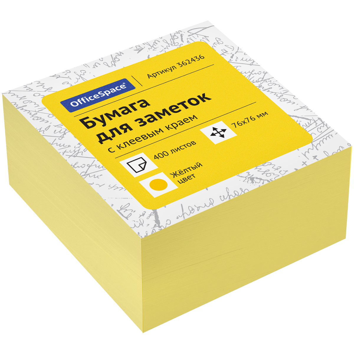 Блок самоклеящийся OfficeSpace 76*76мм. 400л. пастель, желтый (362436)
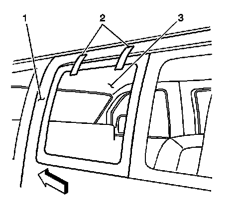 24. Place the bodyside glass locators (2) onto the slots in the pinchweld flange.
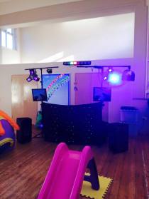 The party comes complete with a full disco set up with screens and projectors showing videos throughout.
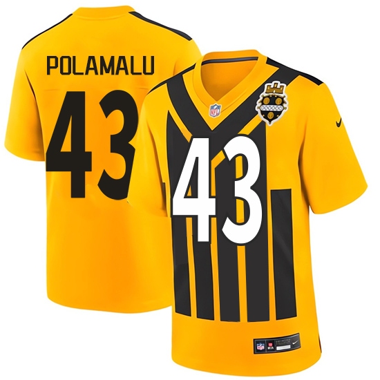 Men's Pittsburgh Steelers #43 Troy Polamalu Gold 1933 Throwback Alternate Football Stitched Game Jersey
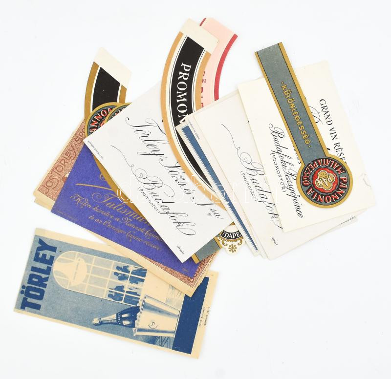 cca 1930 Törley pezsgő 16 db italcímke, számolócédula

◆ Exercise brief ◆
Begin at the line containing "24. Place the" and restate exactly every line through the end of the material, skipping the pictures.

◆ Answer section ◆
 24. Place the bodyside glass locators (2) onto the slots in the pinchweld flange.
 The party comes complete with a full disco set up with screens and projectors showing videos throughout.
 Men's Pittsburgh Steelers #43 Troy Polamalu Gold 1933 Throwback Alternate Football Stitched Game Jersey
 cca 1930 Törley pezsgő 16 db italcímke, számolócédula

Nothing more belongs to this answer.